An exact reproduction of the data below is expected, free of images.

== DATA SEGMENT ==

########

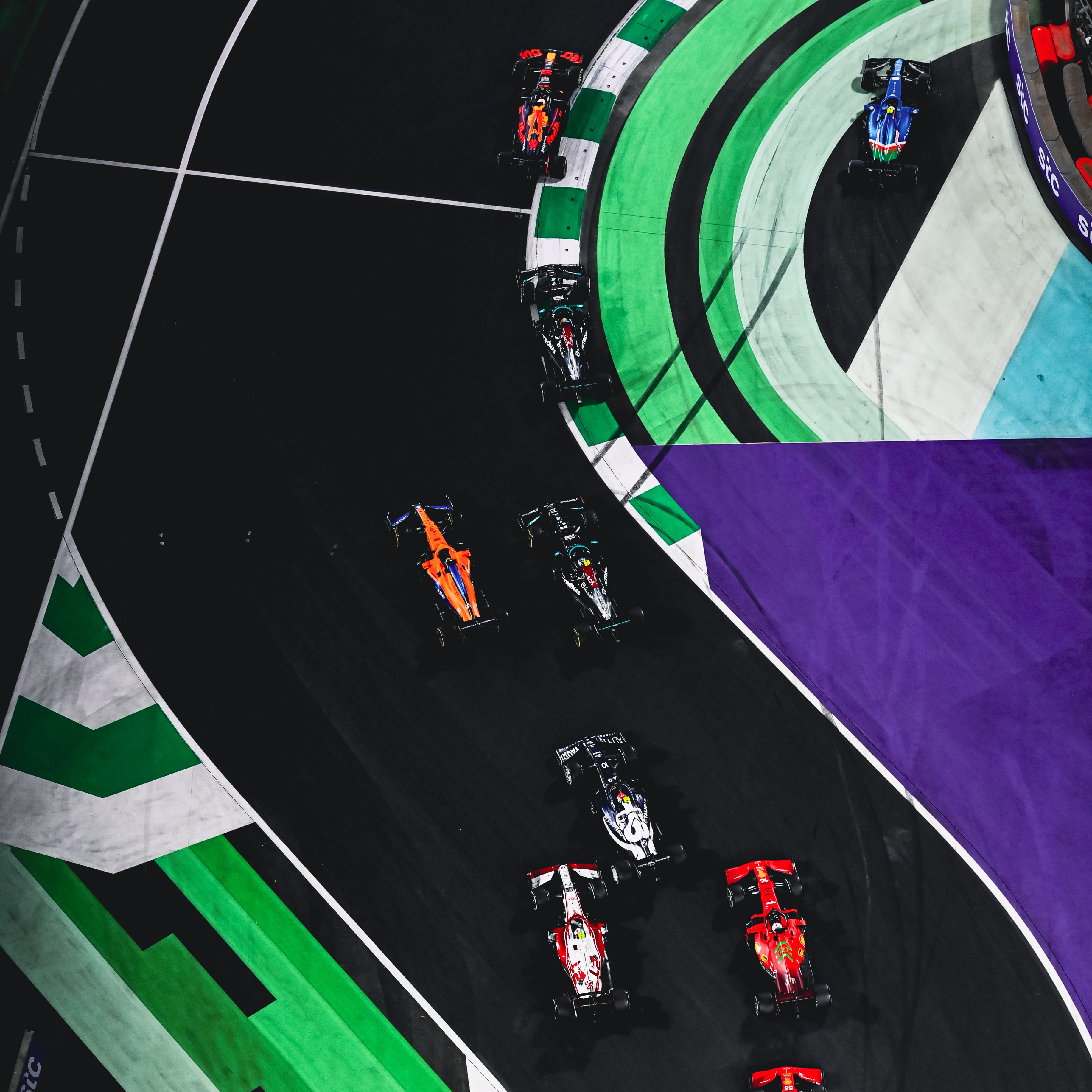奥康第一起步,汉密尔顿第二。但起跑时汉密尔顿和奥康有擦碰,维斯塔潘趁机超到第一。
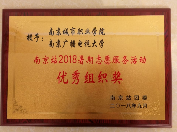 南京城市职业学院玄武分校喜获南京站2018年暑期志愿服务活动优秀组织奖
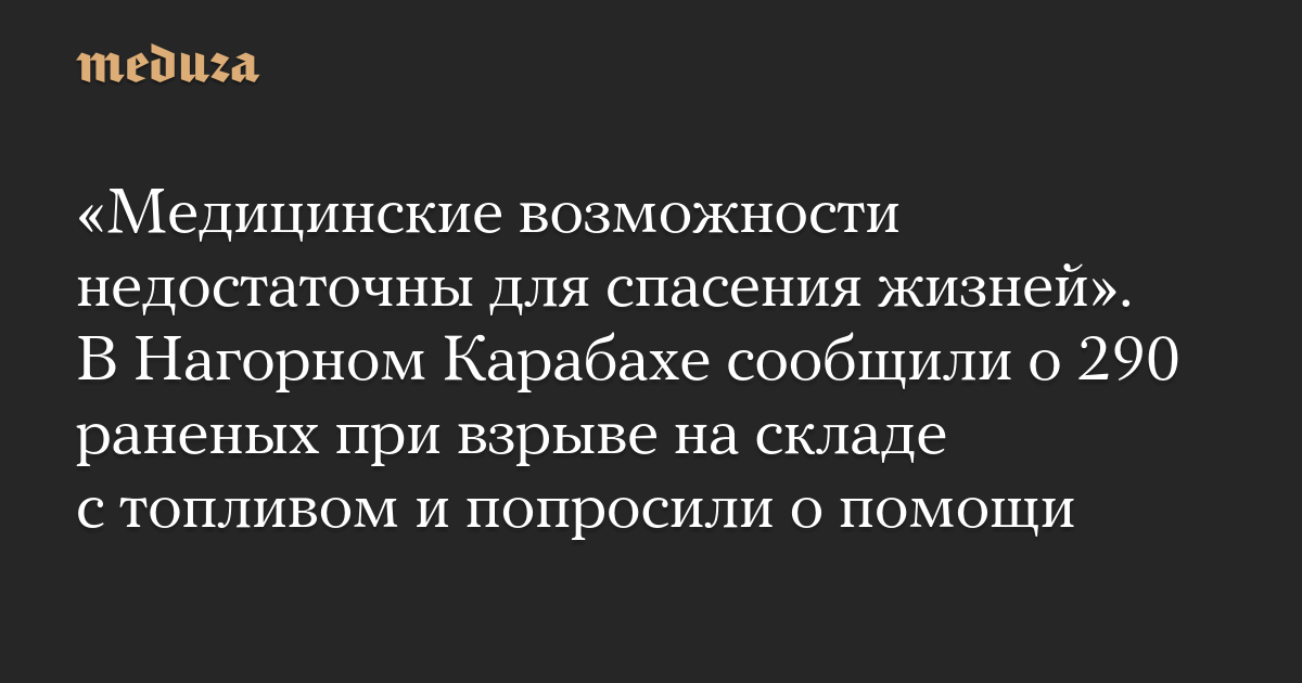 «Медицинские возможности недостаточны для спасения жизней». В Нагорном Карабахе сообщили о 290 раненых при взрыве на складе с топливом и попросили о помощи

########

== WRITTEN RESPONSE ==
奥康第一起步,汉密尔顿第二。但起跑时汉密尔顿和奥康有擦碰,维斯塔潘趁机超到第一。
 南京城市职业学院玄武分校喜获南京站2018年暑期志愿服务活动优秀组织奖
 «Медицинские возможности недостаточны для спасения жизней». В Нагорном Карабахе сообщили о 290 раненых при взрыве на складе с топливом и попросили о помощи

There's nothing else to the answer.